Ans. All supplies to SEZs are zero rated. However, the suppliers are given two options. In this case, the supplier is not liable to pay GST as the supply is under reverse charge mechanism. The recipient is considered as deemed supplier. Therefore, SEZ has to pay GST in this case.”
It can be noted from the CBIC Clarification dated 15.12.2018 that a SEZ unit recipient of RCM services is required to pay IGST on procurement of supplies on which GST is required to be paid by the recipient. However, since the above clarification was issued as FAQ by the CBIC, it can be interpreted as being merely clarificatory in nature and not binding. Hence the Notifications have a legal force as the same are issued by exercising the powers conferred under the Act and the Notification No 18/2017-IGST (Rate) dated 05.07.2017 is issued in exercise of powers conferred under sub-section (1) of section 6 of the Integrated Goods and Service Tax Act, 2017.

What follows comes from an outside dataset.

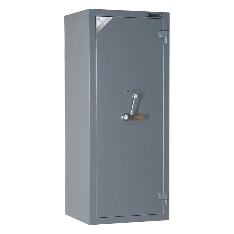 Сейф односекционный СМ(3)-120 предназначен для хранения бумажных документов и ценностей на сумму до 3 млн. руб. для физических лиц и до 800 тыс. руб. для юридических лиц. Сейф сертифицирован по ГОСТ Р 50862-2017 (п.4.1, табл.1), ГОСТ Р 51113-97 (разд. 4.1). Класс устойчивости к взлому-III (третий). Сейф односекционный, оснащен двумя съемными полками. В двери установлен ключевой замок BORDER класс А. Для облегчения процесса открытия шкафа дверь оборудована поворотной ручкой.

Several legal cases provide clarity on RCM exemptions for SEZ units:
• Waaree Energies Limited (GST AAR Gujarat): This case clarified that SEZ units are exempt from GST liability under RCM for specified services if they comply with LUT or bond requirements.
Other Relevant Cases:
• Damodar J. Malpani vs. CCE: 2002 (146) ELT 483 (SC)
• Ralli Engineering Ltd. vs. UOI: 2004 (4) TMI 590 —Guj. HC
• Steel Authority of India vs. CC, Bombay: 2000 (115) ELT 42 (SC)
• M/s Portescap India Pvt Ltd.: Order No. MAH/AAAR/DS-RM/15/2022-23 dated 13.01.2023
• Darshan Boardlam Ltd. vs. Union of India
• GMR Aerospace Engineering Limited vs. Union of India: 2019 (8) TMI 748
RCM and SEZ: An evolving tax tale – where will the next chapter lead?
The legal framework and interpretations surrounding SEZ units and the applicability of RCM highlight that SEZ units are generally exempt from GST liability under RCM for specified services. This exemption is subject to compliance with furnishing an LUT or bond, ensuring SEZ units can operate without the burden of GST on imported services for authorized operations. However, as litigation continues to evolve, will future rulings further clarify or complicate the tax obligations for SEZ units under the RCM? How will the balance between legislative intent and practical enforcement shape the future of SEZ operations in India?